The Aristides de Sousa Mendes Museum, in Cabanas de Viriato, received a special visit this week. An American Holocaust survivor was one of the refugees who managed to escape German troops during World War II, thanks to a Portuguese visa.
One of the refugees who fled the persecution of German troops during World War II, thanks to a Portuguese visa, this week visited the . The museum opened a year ago and has now joined four more survivors’ names to the long list of people directly and indirectly saved by the Portuguese consul, who one day dared to challenge Salazar.
Mireille Szajko is 87 years old. He returns to Portugal, from where, just two years old, he left for the American dream, leaving behind the persecution in a seizure in seizure with World War II.
The memories are, of course, few, but the documents kept by the mother show that the visit to the Aristides de Sousa Mendes Museum, the Portuguese consul in Bordeaux, has a lot of symbolism.
The story tells that the Portuguese consul saved about 30,000 people from the war, a number that no one can define for sure, because only in the case of the Szajko family has now joined four more names to the mural.
Mireille fEz Life in America, but did not forget Europe.
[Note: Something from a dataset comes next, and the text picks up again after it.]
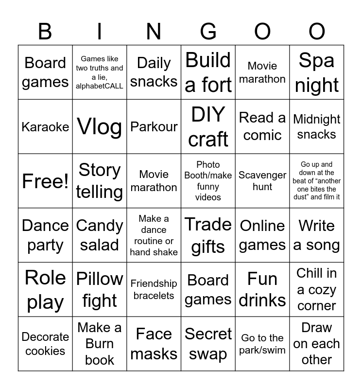 This bingo card has 36 words: Board games, Friendship bracelets, Secret swap, Karaoke, Dance party, Photo Booth/make funny videos, Vlog, Face masks, Movie marathon, Fun drinks, Midnight snacks, Build a fort, Chill in a cozy corner, Story telling, DIY craft, Board games, Role play, Scavenger hunt, Free!, Daily snacks, Movie marathon, Candy salad, Trade gifts, Make a dance routine or hand shake, Online games, Games like two truths and a lie, alphabetCALL, Read a comic, Make a Burn book, Parkour, Spa night, Draw on each other, Decorate cookies, Write a song, Go up and down at the beat of “another one bites the dust” and film it, Pillow fight and Go to the park/swim.

It is now officially the first refugee played by Aristides’s firmness to visit the house where the Portuguese consul was born.
The Portuguese visa was signed by Emile Gisssot, at the Portuguese embassy in Toulouse, in 1940. Aristides de Sousa Mendes was already, by this time, in Lisbon, where he returned by express order of Salazar, to prevent the Bordeaux Consul from continuing to pass visas to those who fled the war.
But the order of the diplomat continued to be fulfilled by many of the employees of the different consulates, with respect to Aristides de Sousa Mendes.
This guided tour of the museum was part of the American project that brought to Portugal 20 educators to know the history of the old consul.